For some unfathomable reason, this wound up being the only recipe Dr. Chao would allow her husband to contribute to the book; her comments are in italics. (Note that Yuen Ren Chao was a linguist, rather than an engineer as Ragnar reports.)

13.1. Stirred Eggs

Stirred eggs may be said to be the most everyday dish made by applying the most everyday method to the most everyday material. Learning to stir-fry eggs is the ABC of cooking. As this is the only dish my husband cooks well, and he says that he either cooks a thing well or not at all, I shall let him tell how it is done.

"Obtain:
6 average-sized fresh eggs (for this is the maximum number of eggs 1 have cooked at one time)
3 grammes of cooking salt (or, as an alternative, 4 grammes of table salt)
50 e.e. fresh lard, which will approximately equal the content of 4 level tablespoonfuls
1 plant of Chinese ts'ung (substitute with scallion if ts'ung is unobtainable) about 30 em. long by 7 mm. in average diameter. (This ingredient is optional.)
"Either shell or unshell the eggs by knocking one against another in any order.1 Be sure to have a bowl below to catch the contents. With a pair of chopsticks, strike the same with a quick, vigorous motion known as 'beating the eggs.' This motion should, however, be made repeatedly and not just once. Automatic machines, aptly named as 'egg-beaters,' have been invented for this purpose.
"Make cross sections of the ts'ung at intervals of about 7.5 mm., making 40 sections altogether. Throw in the ts'ung and the measured amount of salt during the final phase of the 'beating.'
"Heat the lard in a large flat-bottomed pan over a brisk fire until it (the lard) begins to give off a faint trace of smoke. Pour the contents of the bowl into the oil at once.
"The next phase of the operation is the most critical for the successful stir-frying of eggs. When the bottom part of the mixture becomes a puffed-up soft mass on contact with the heat, the upper part will remain quite liquid. Preferably using a thin flat piece of metal attached to a handle, the operator should push the mixture to one side so as to allow the uncooked liquid portion to flow onto the hot fat on the now exposed portion of the bottom. (Sometimes this may be facilitated by slightly tipping the pan.) Quickly repeat this until abut 90 per cent of the liquid has come in contact with the hot fat and becomes puffed. Then, still using the flat piece of metal, make the entire content of the pan revolve through 180 degrees about a horizontal axis. This delicate operation is known as 'turning it over,' which in the hands of a beginner may easily become a flop. It can be done neatly and without waste only after repeated practice with different sets of eggs.
"If the turning over has been successfully carried out, wait for 5 seconds, which is about the time it takes to count from 1 to 12, then transfer the contents to the bowl or a platter, when the dish is said to be done.
"To test whether the cooking has been done properly, observe the person served. If he utters a voiced bilabial nasal consonant with a slow falling intonation, it is good. If he utters the syllable yum in reduplicated form, it is very good."-Y. R. C.

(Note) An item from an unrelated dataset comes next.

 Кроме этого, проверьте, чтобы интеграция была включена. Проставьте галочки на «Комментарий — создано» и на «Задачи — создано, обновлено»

Stirred eggs are really much simpler to make than to tell. It is a very handy dish to fill the table when unexpected guests come. Remember that only lard or any animal fat is good for this dish. It is therefore only good for once, in fact only when it is hot..

1. Since, when two eggs collide, only one of them will break, it will be necessary to use a seventh egg with which to break the sixth. If, as it may very well happen, the seventh egg breaks first instead of the sixth, an expedient will be simply to use the seventh one and put away the sixth. An alternate procedure is to delay your numbering system and define that egg as the sixth egg which breaks after the fifth egg.